BRIEF
The part to set down runs from the first line of the data below through the line with "PDF visible en", inclusive; write it exactly and leave out the pictures.

DATA
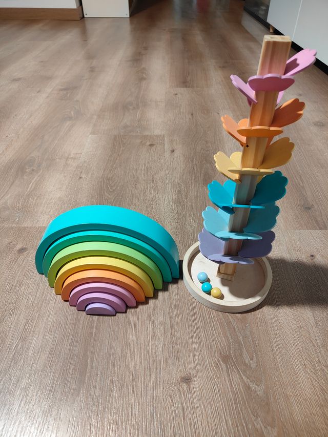 Detalles del productoSet de juegos de madera para niños, ideal para estimular la creatividad y la motricidad.
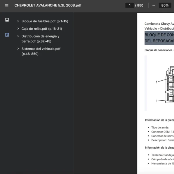 PDF visible en teléfono, tablet o PC; compatible solo con CHEVROLET AVALANCHE 2008. Si requieres otra variante/modelo, contáctanos.
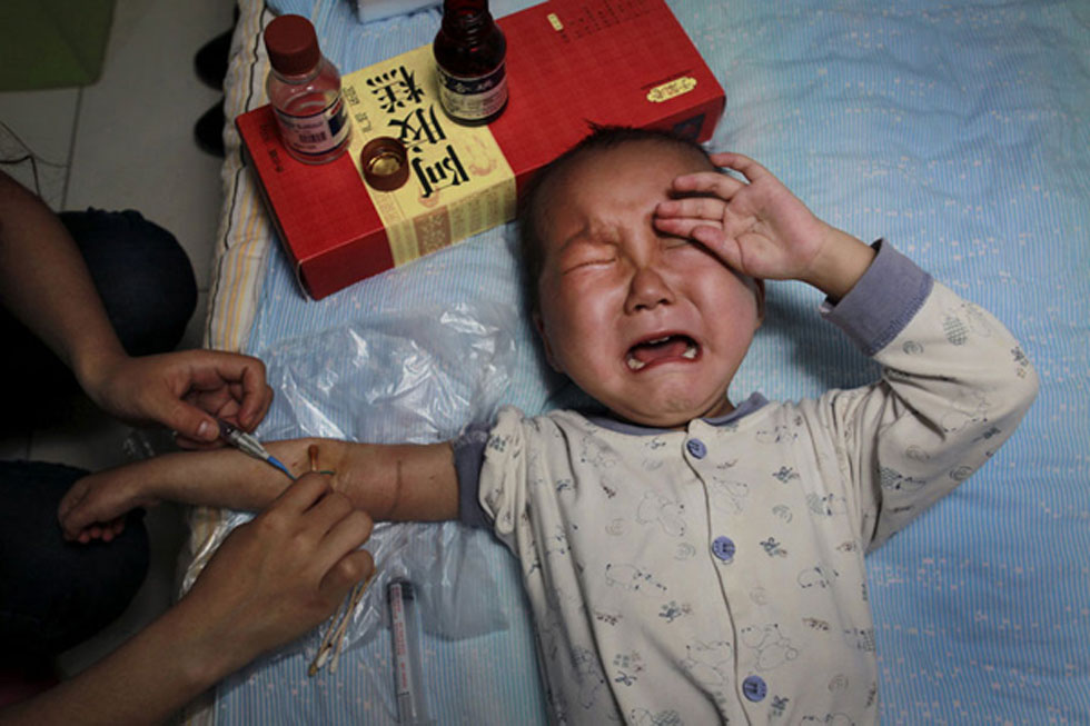 Zhang inyecta a su hijo de tres a?os la medicina que le ayuda a trata la leucemia en su casa, el 7 de mayo de 2015. Zhang Wei hace de enfermera para evitar pagar tantos gastos médicos.

RESULT
 Detalles del productoSet de juegos de madera para niños, ideal para estimular la creatividad y la motricidad.
 PDF visible en teléfono, tablet o PC; compatible solo con CHEVROLET AVALANCHE 2008. Si requieres otra variante/modelo, contáctanos.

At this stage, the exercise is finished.